= Task to complete =
With pictures left out, set down exactly the lines from the line containing "7. Your transaction" through the last line of the data.

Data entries
▼▼▼

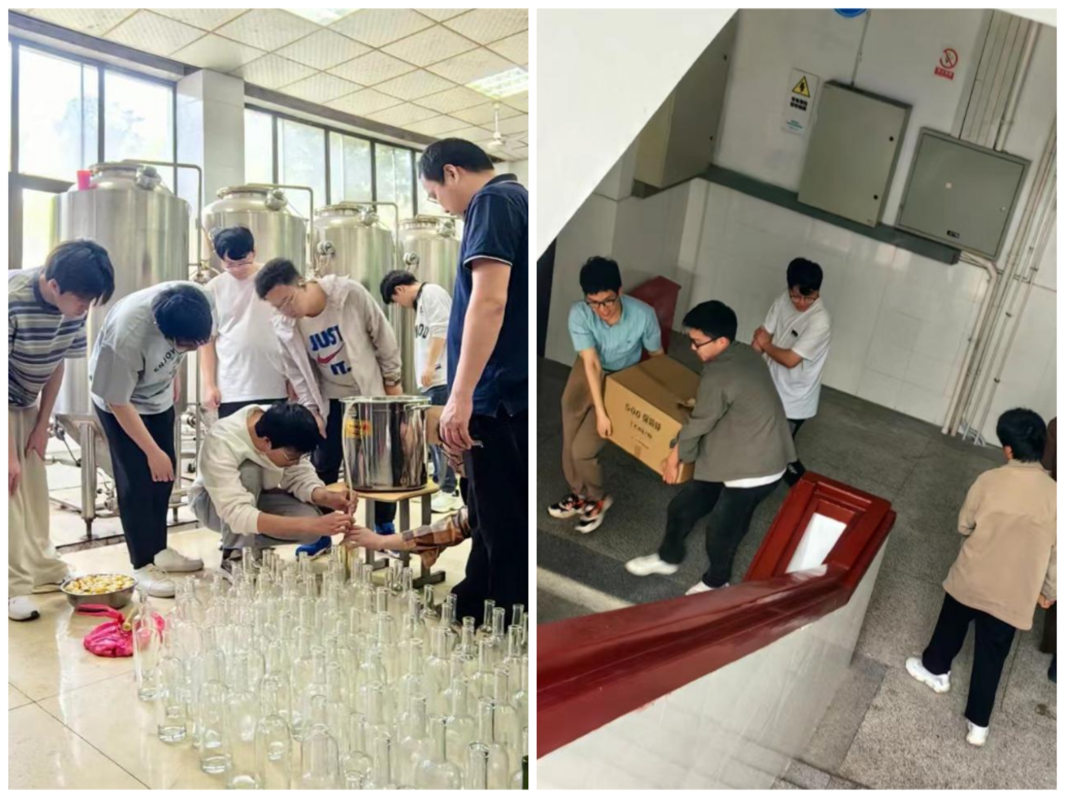 本次劳动教育宣传周特色活动是结合生物工程专业课程,开展的葡萄酒的澄清、过滤、灌装劳动实践活动。活动分为三个环节,灌装的准备工作环节,包括红酒瓶的清洗灭菌、控水晾干;发酵原酒澄清过滤工艺环节,包括板框过滤机的组装、清洗、硅藻土混匀、过滤;澄清酒的灌装工艺环节,包括灌装、封瓶塞、灭菌、储存。同学们互相协作,共同体会劳动的乐趣和成就感。生工211夏洁说:“劳动是成长的必修课,通过这样的劳动教育实践活动,有助于我们更好地将专业理论知识与实践相结合,在劳动者中锤炼本领、增长才干,真正学起来,勤起来,乐起来。”
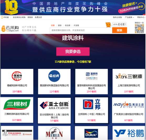 由明源云采購主辦的“中國房地產(chǎn)年度采購峰會暨供應(yīng)商行業(yè)競爭力十強(qiáng)評選”,活動進(jìn)行當(dāng)天,就吸引了960多家供應(yīng)商報名參選,引起了地產(chǎn)行業(yè)供應(yīng)商群體的轟動,其中建筑涂料類供應(yīng)商就有100多家報名,涂料大咖立邦涂料、多樂士漆、三顆樹、嘉寶莉漆都來參選了。一年一度的涂料品牌活動都是涂料界的年度大事,此次地產(chǎn)行業(yè)供應(yīng)商評選更不例外,活動接受1600家開發(fā)商的合作檢驗、100名地產(chǎn)采購高層的專家評審,獲得行業(yè)...
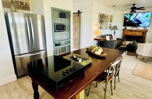 This cozy, private guesthouse, on a working horse ranch offers a peaceful, spa-like retreat near Granbury and Fort Worth. The property includes spacious porches with views of pastures, horses, and ponds, creating a serene atmosphere for relaxation. It’s also pet-friendly and ideal for those looking to unwind in a tranquil setting while staying close to local attractions. The cottage is perfect for nature lovers, providing both comfort and a ranch experience. This cottage is brand new and offers all up to date amenities. Relax and enjoy a great getaway visit to the Pump House.
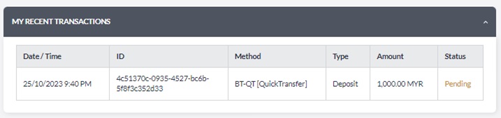 7. Your transaction status will be display on MY RECENT TRANSACTIONS
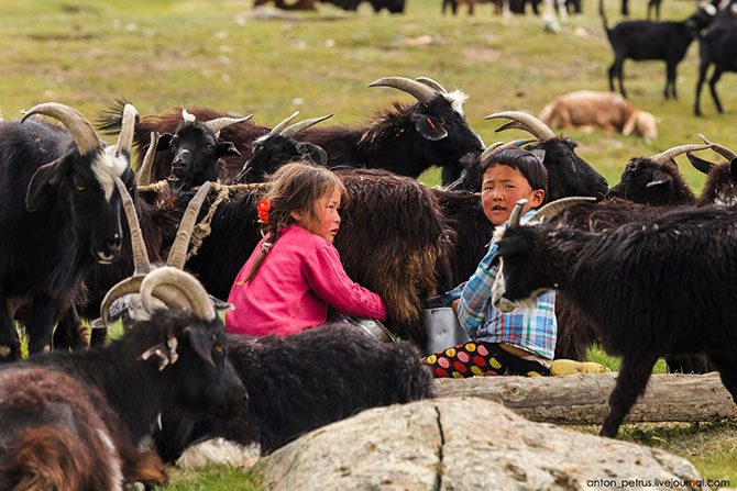 В гости к монголам мы попали очень вовремя — как раз во время вечернего доения. Поразило, что заняты были абсолютно все — от мала и до велика. Детки и бабушки доили козочек, практически не обращая на нас внимания.
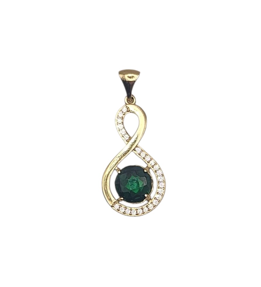 תליון אינפינטי בזהב צהוב 14K עם אבני זירקון לבנים משובצים בצד אחד עם אבן ירוקה על התכשיט

▲▲▲

= Output of the task =
 7. Your transaction status will be display on MY RECENT TRANSACTIONS
 В гости к монголам мы попали очень вовремя — как раз во время вечернего доения. Поразило, что заняты были абсолютно все — от мала и до велика. Детки и бабушки доили козочек, практически не обращая на нас внимания.
 תליון אינפינטי בזהב צהוב 14K עם אבני זירקון לבנים משובצים בצד אחד עם אבן ירוקה על התכשיט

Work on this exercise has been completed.